--- Material supplied Enclosed Below ---

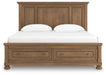 A relaxed take on casual traditional design, this king panel storage bed strikes a comfy pose with a classic sensibility. Its timeless design and chestnut brown wood tone create a welcoming retreat tailored to your laid-back lifestyle. Metal knobs in an aged pewter color subtly dress up footboard drawers packed with storage possibilities. Now there’s a bed with staying power.
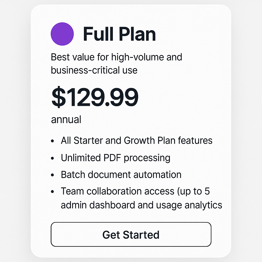 🚀 The ultimate plan for agencies, enterprises, or document-heavy teams needing top performance and priority service.
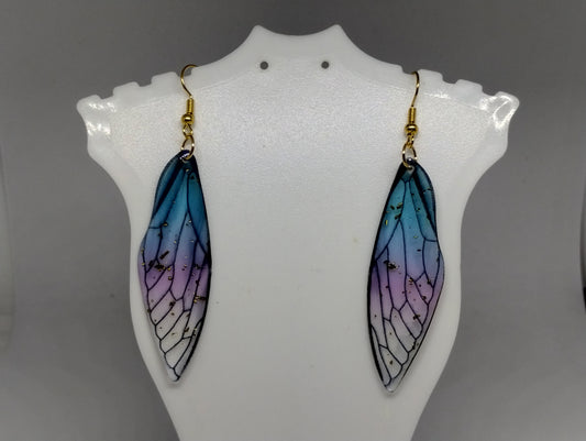 PURPLE AND BLUE INSECT WING EARRINGS
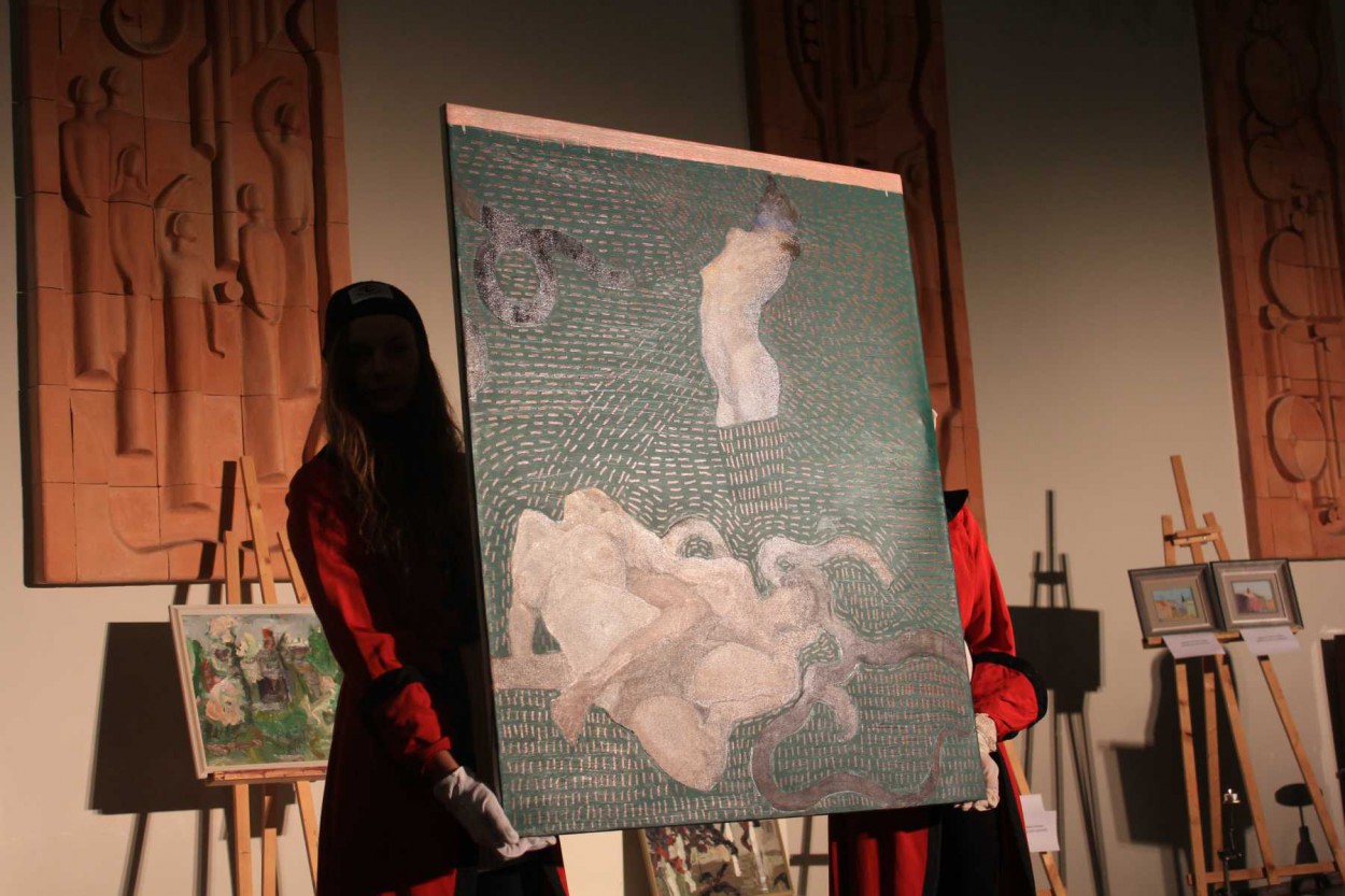 „Tai paroda tarsi iš penkių estafečių – piešimas, keramika, grafika, specifinių technologijų tapyba su emaliniais dažais ir akademinė tapyba. Visa tai randa keistą sąskambį.
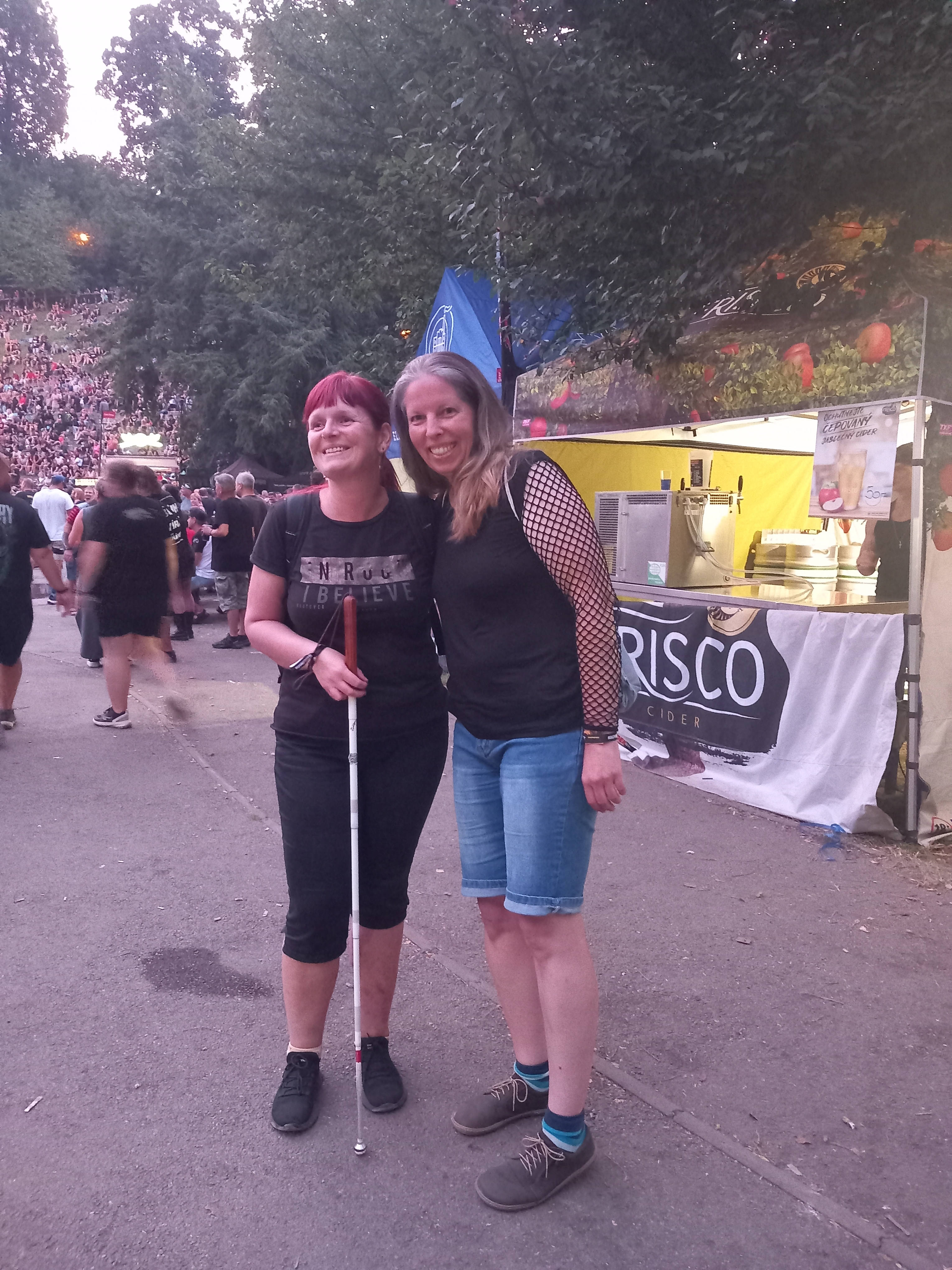Olina s bílou holí a Mančina jako doprovod. Tyto dvě členky naší pobočky se společně vydaly v sobotu 16. srpna na metalovo rockový festival do letního amfiteátru v Jihlavě. Osm tisíc fanoušků řízné hudby si užívalo parádní atmosféry, jídla a pití.
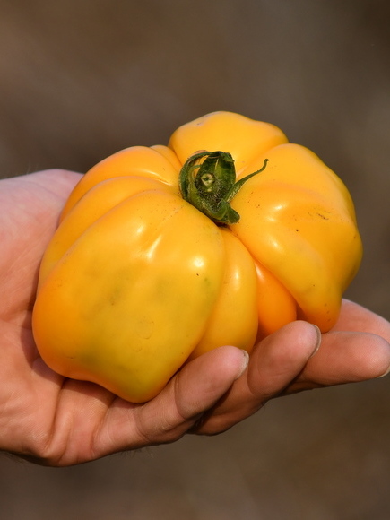Eher zufällig ist diese ausgewogen schmeckende Sorte aus Sibierien in unsere Sammlung gekommen und nun wollen wir sie nicht mehr missen. Die Pflanzen werden sehr hoch, können mehrere Triebe vertragen und bilden Unmengen sonnengelber Früchte. Das Laub ist kartoffelblättrig, also eine Rarität. Die Ernte setzte früh ein und dauerte 2020 sogar bis in den November.
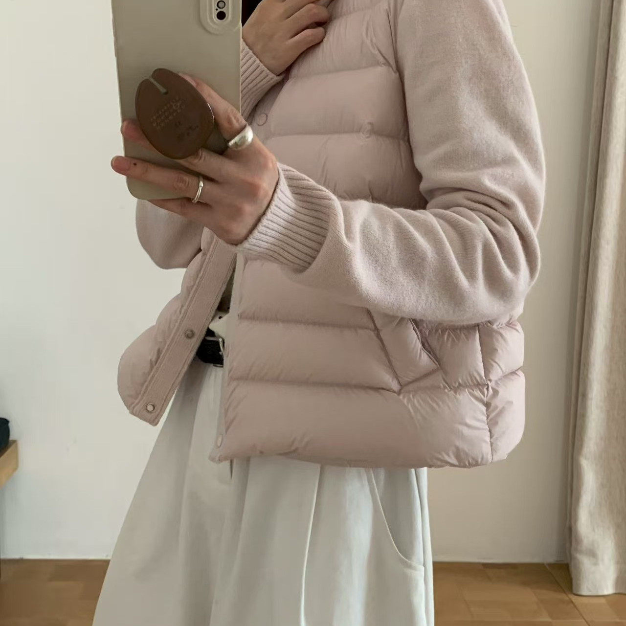 新国标90白鸭绒羽绒服2025新款 秋冬外套潮 女针织立领拼接韩国新款
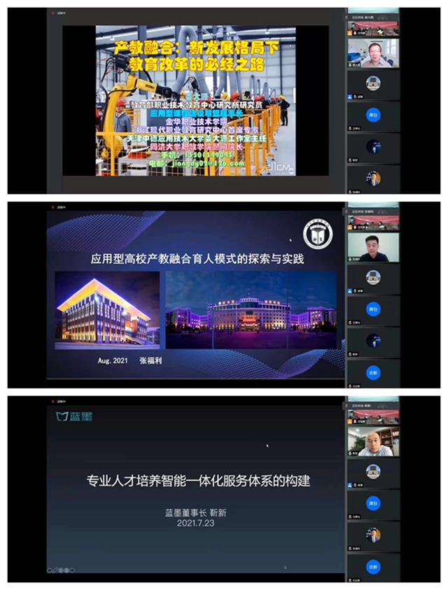 蓝墨科技董事长靳新作题为《专业人才培养智能一体化服务体系的构建》专题报告,报告介绍了高等教育如何应对产业人才需求变化带来的挑战,又从如何迎接产业人才需求的挑战,探讨如何培养出符合产业发展需求的未来数字化人才,如何真正促进产教融合,围绕专业人才培养智能一体化服务体系构建,报告分享了系列科技产品,并提出了具体建议。

--- End of Enclosed Material supplied ---

• _Task to complete_
In the listing above, find the line with "randa keistą sąskambį." and output every line through the one with "新国标90白鸭绒羽绒服2025新款 秋冬外套潮 女针织立领拼接韩国新款", exactly, without the pictures.

• _Reply_
 „Tai paroda tarsi iš penkių estafečių – piešimas, keramika, grafika, specifinių technologijų tapyba su emaliniais dažais ir akademinė tapyba. Visa tai randa keistą sąskambį.
Olina s bílou holí a Mančina jako doprovod. Tyto dvě členky naší pobočky se společně vydaly v sobotu 16. srpna na metalovo rockový festival do letního amfiteátru v Jihlavě. Osm tisíc fanoušků řízné hudby si užívalo parádní atmosféry, jídla a pití.
Eher zufällig ist diese ausgewogen schmeckende Sorte aus Sibierien in unsere Sammlung gekommen und nun wollen wir sie nicht mehr missen. Die Pflanzen werden sehr hoch, können mehrere Triebe vertragen und bilden Unmengen sonnengelber Früchte. Das Laub ist kartoffelblättrig, also eine Rarität. Die Ernte setzte früh ein und dauerte 2020 sogar bis in den November.
 新国标90白鸭绒羽绒服2025新款 秋冬外套潮 女针织立领拼接韩国新款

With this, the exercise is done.